● **About this task**
Take the material below and extract the lines from the one with "2. 本文将围绕着PCB板win失灵的问题进行探讨,分析其原因和解决方法;" through the one with "Đèn thả trần", word for word, without pictures.

┌─ Information given

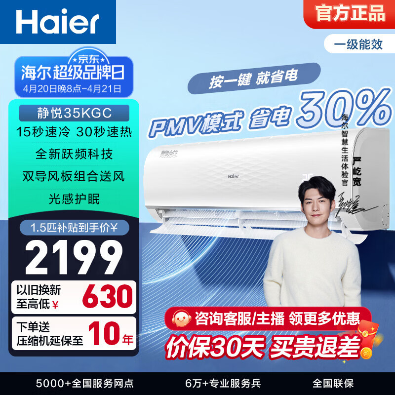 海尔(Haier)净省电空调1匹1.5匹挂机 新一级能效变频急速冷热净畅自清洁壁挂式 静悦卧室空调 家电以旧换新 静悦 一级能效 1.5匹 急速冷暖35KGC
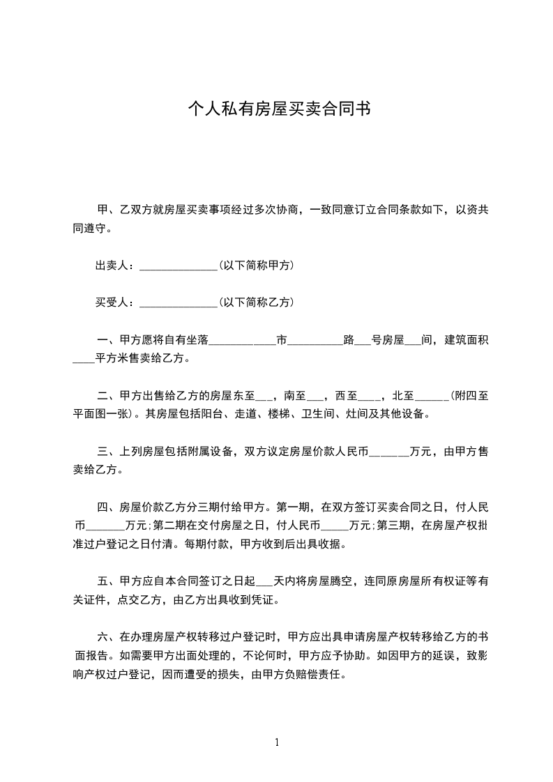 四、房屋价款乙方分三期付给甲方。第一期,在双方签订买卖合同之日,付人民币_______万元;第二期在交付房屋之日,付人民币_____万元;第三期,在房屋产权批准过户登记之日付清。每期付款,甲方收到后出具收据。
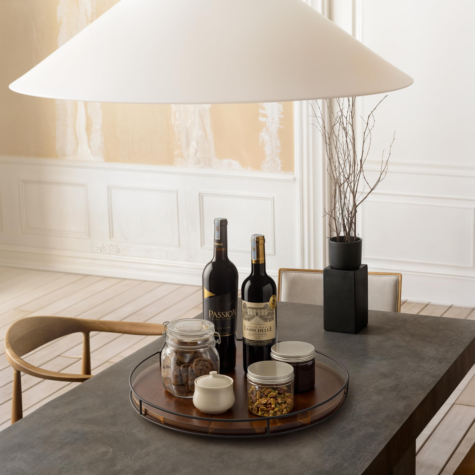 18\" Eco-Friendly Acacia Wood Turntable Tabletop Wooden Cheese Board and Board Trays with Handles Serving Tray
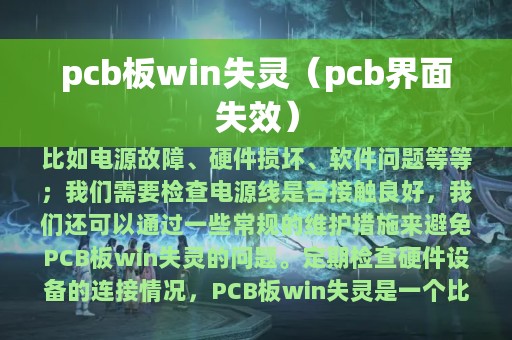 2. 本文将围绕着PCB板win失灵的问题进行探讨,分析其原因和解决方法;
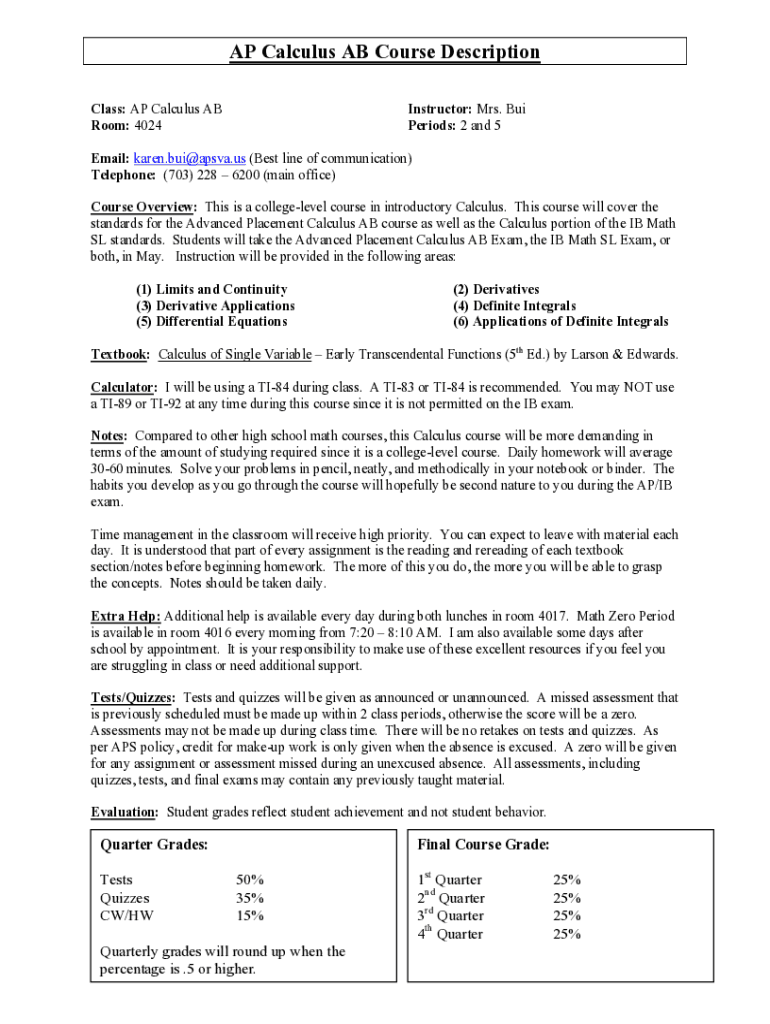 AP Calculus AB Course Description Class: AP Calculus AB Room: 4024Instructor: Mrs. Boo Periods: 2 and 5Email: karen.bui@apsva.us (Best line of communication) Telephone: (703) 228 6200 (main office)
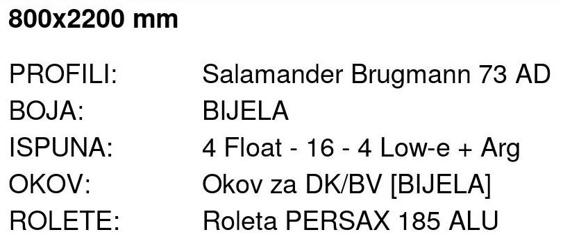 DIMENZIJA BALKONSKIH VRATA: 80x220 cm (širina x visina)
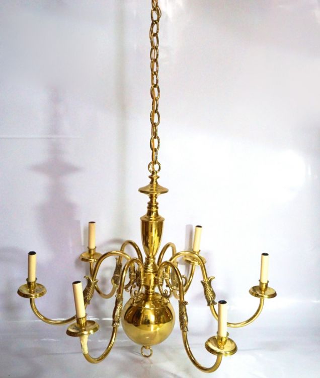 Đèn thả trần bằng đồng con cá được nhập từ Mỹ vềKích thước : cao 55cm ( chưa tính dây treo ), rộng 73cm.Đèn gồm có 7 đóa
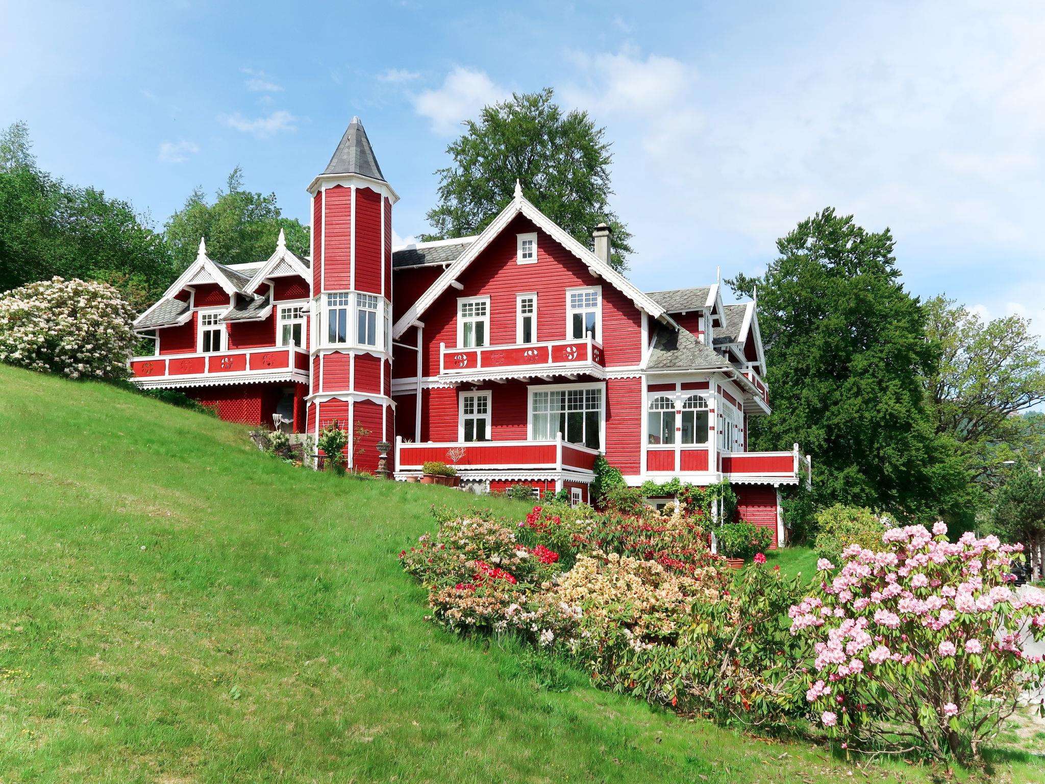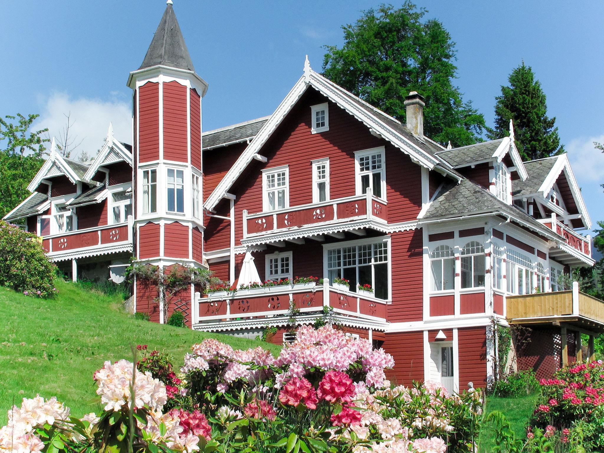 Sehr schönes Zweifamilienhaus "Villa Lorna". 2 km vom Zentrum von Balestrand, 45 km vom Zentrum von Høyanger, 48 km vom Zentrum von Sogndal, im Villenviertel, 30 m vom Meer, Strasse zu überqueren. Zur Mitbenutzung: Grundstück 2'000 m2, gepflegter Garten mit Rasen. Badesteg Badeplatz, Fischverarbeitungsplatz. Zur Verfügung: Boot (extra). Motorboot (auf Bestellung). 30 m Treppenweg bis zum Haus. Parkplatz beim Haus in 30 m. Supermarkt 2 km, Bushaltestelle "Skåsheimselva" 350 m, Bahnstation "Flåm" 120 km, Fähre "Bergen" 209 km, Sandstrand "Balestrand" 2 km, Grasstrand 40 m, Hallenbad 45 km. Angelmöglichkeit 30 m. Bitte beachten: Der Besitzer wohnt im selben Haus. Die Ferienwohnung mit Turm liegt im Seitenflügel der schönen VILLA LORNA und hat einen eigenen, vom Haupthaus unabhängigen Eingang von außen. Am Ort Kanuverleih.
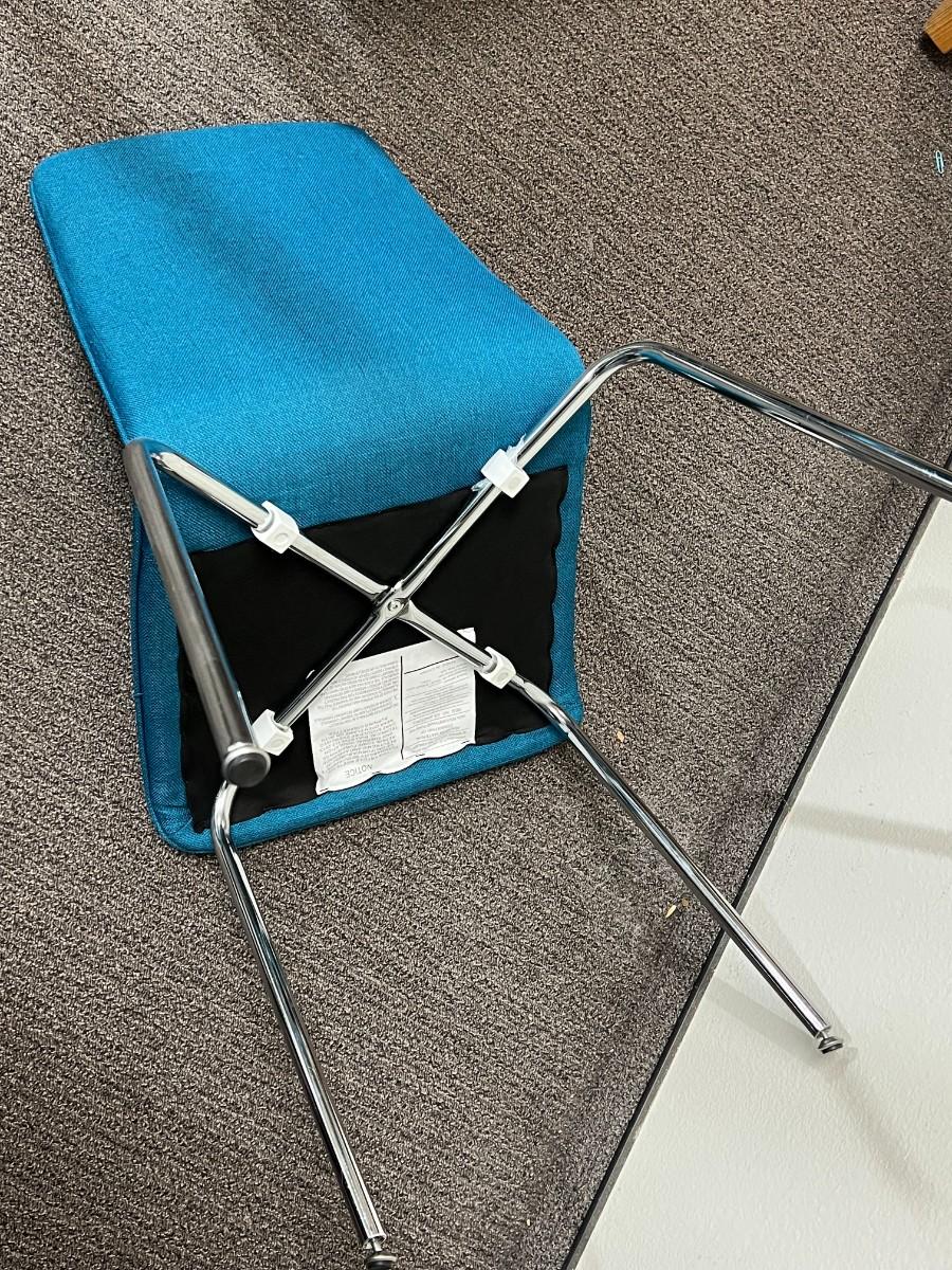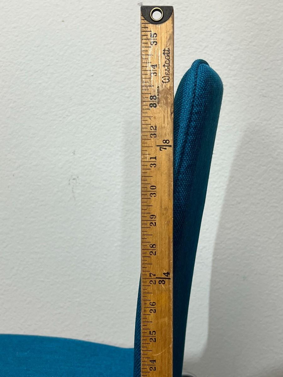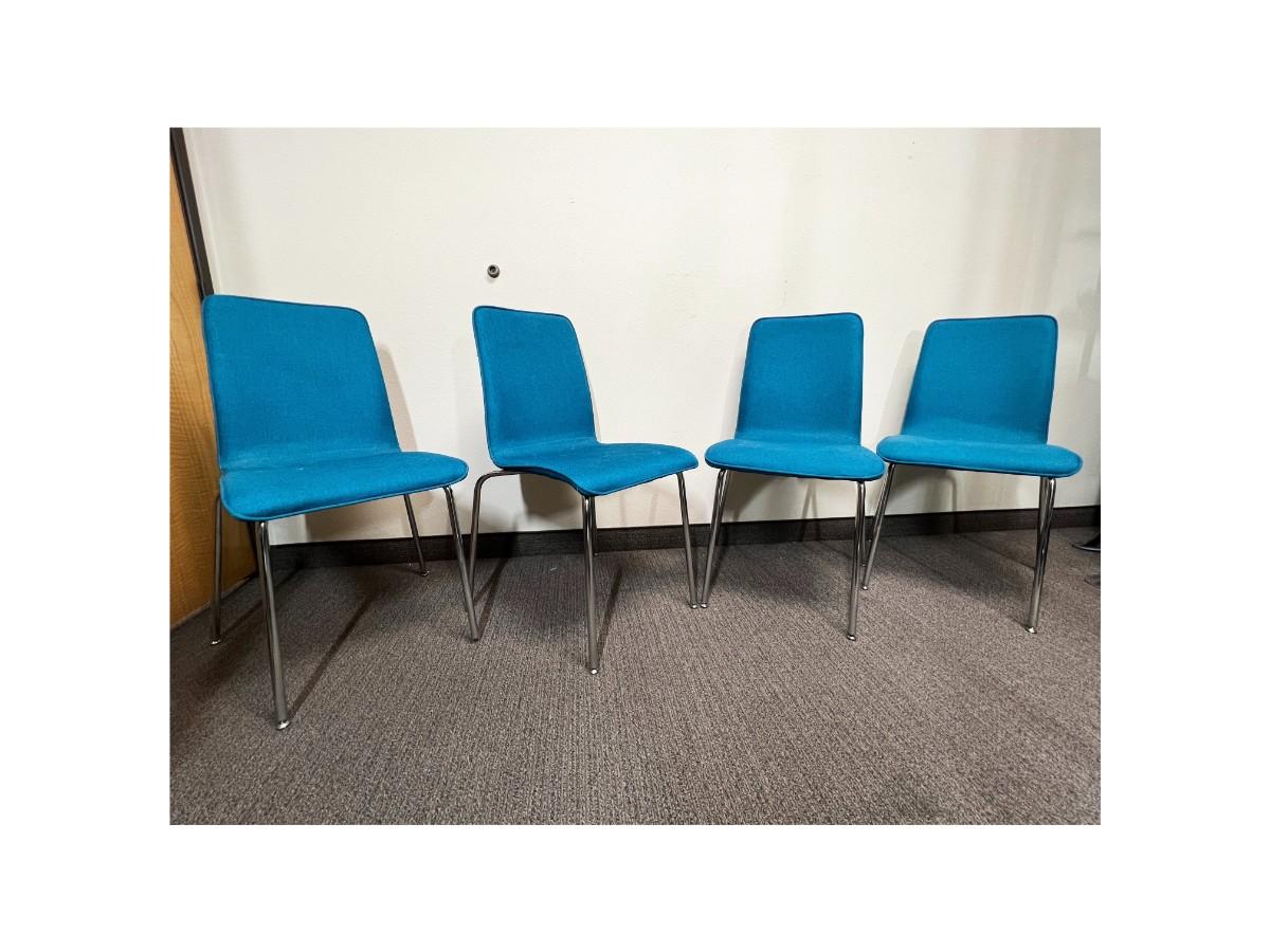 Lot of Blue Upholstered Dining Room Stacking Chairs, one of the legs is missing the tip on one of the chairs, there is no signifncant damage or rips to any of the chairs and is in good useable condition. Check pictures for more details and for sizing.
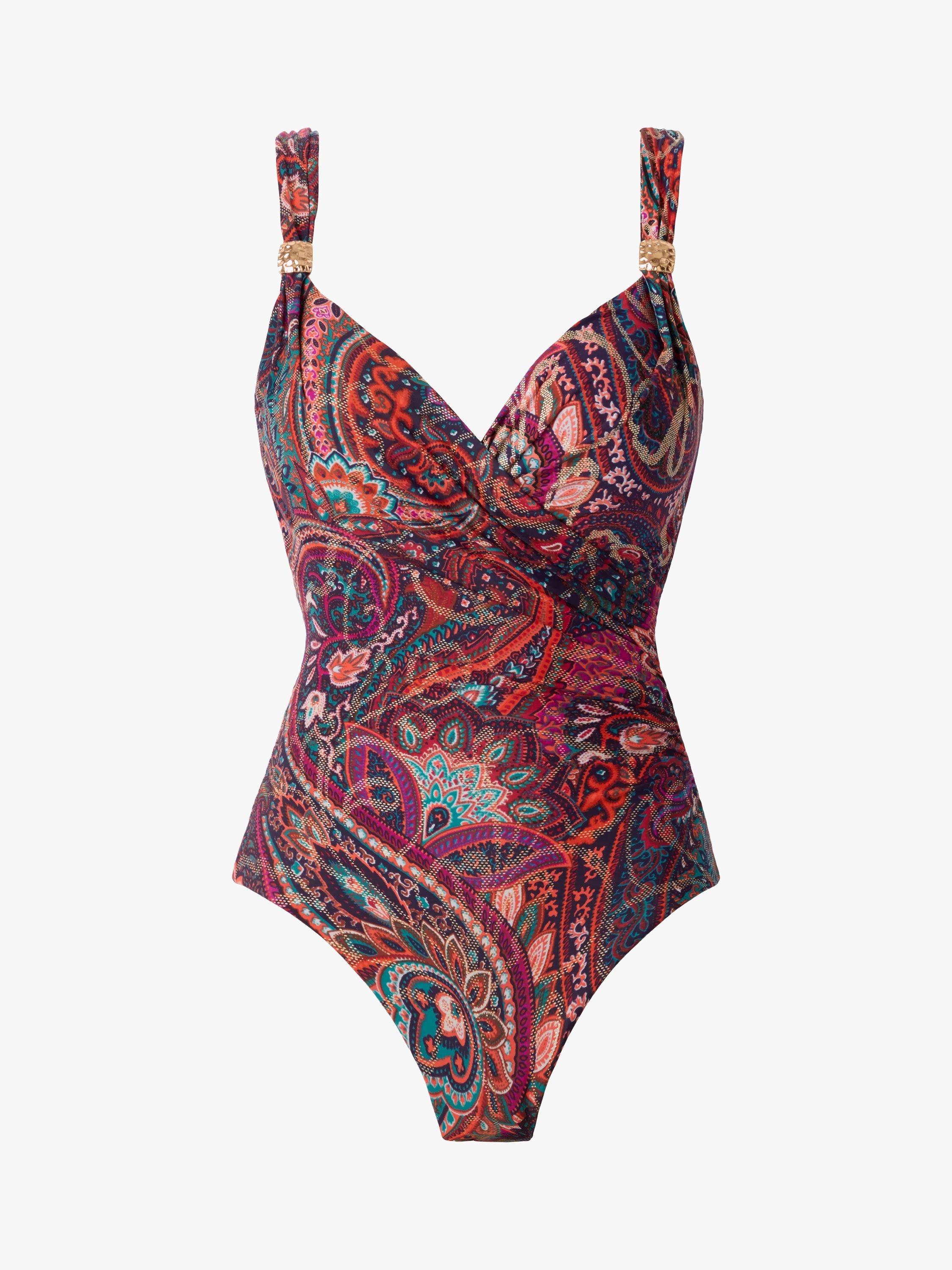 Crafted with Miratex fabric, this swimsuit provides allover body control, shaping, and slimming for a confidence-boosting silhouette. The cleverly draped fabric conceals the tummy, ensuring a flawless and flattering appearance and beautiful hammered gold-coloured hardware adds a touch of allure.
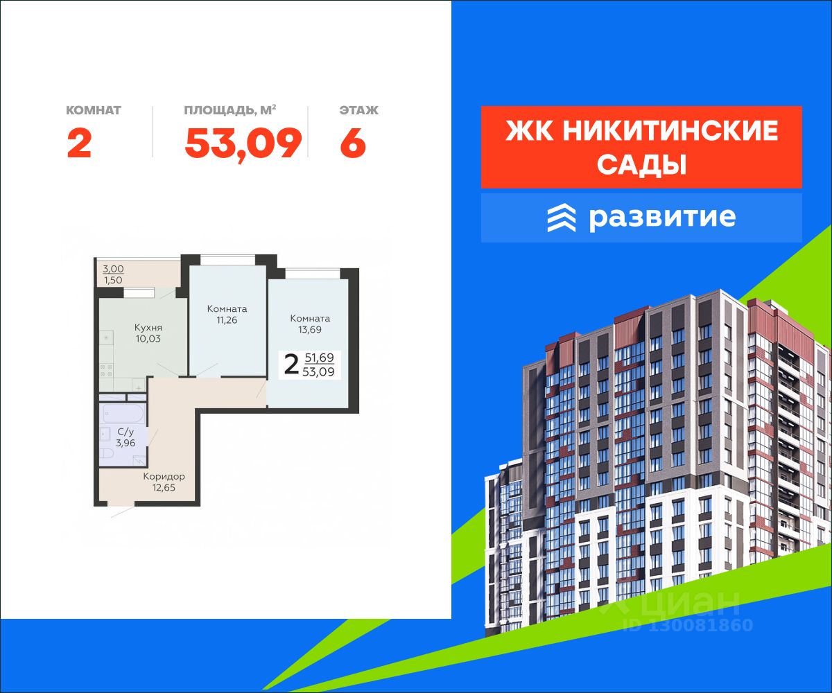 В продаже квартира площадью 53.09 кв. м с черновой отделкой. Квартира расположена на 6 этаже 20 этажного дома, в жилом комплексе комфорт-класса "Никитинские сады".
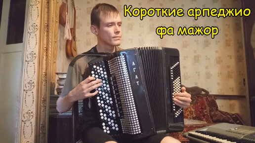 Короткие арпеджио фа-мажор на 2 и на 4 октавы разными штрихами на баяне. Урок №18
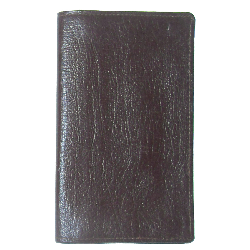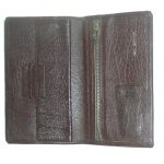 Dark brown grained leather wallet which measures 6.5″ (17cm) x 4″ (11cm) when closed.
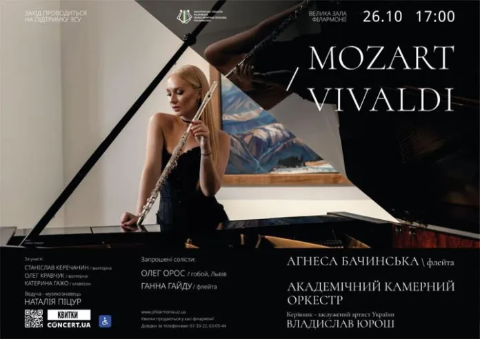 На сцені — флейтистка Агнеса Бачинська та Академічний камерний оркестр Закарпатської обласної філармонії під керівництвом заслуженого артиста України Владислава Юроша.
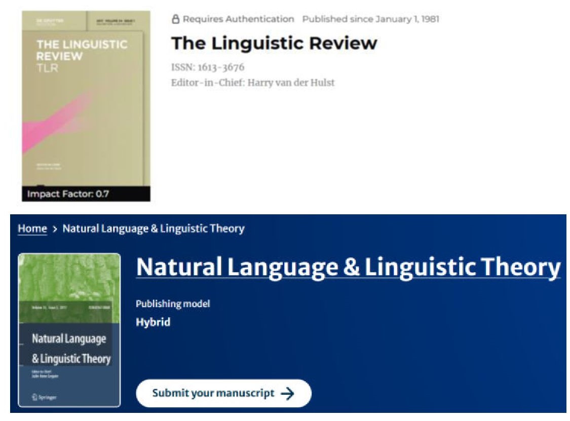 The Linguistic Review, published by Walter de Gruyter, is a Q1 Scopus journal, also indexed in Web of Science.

└─

● **Task response**
 2. 本文将围绕着PCB板win失灵的问题进行探讨,分析其原因和解决方法;
 AP Calculus AB Course Description Class: AP Calculus AB Room: 4024Instructor: Mrs. Boo Periods: 2 and 5Email: karen.bui@apsva.us (Best line of communication) Telephone: (703) 228 6200 (main office)
 DIMENZIJA BALKONSKIH VRATA: 80x220 cm (širina x visina)
 Đèn thả trần bằng đồng con cá được nhập từ Mỹ vềKích thước : cao 55cm ( chưa tính dây treo ), rộng 73cm.Đèn gồm có 7 đóa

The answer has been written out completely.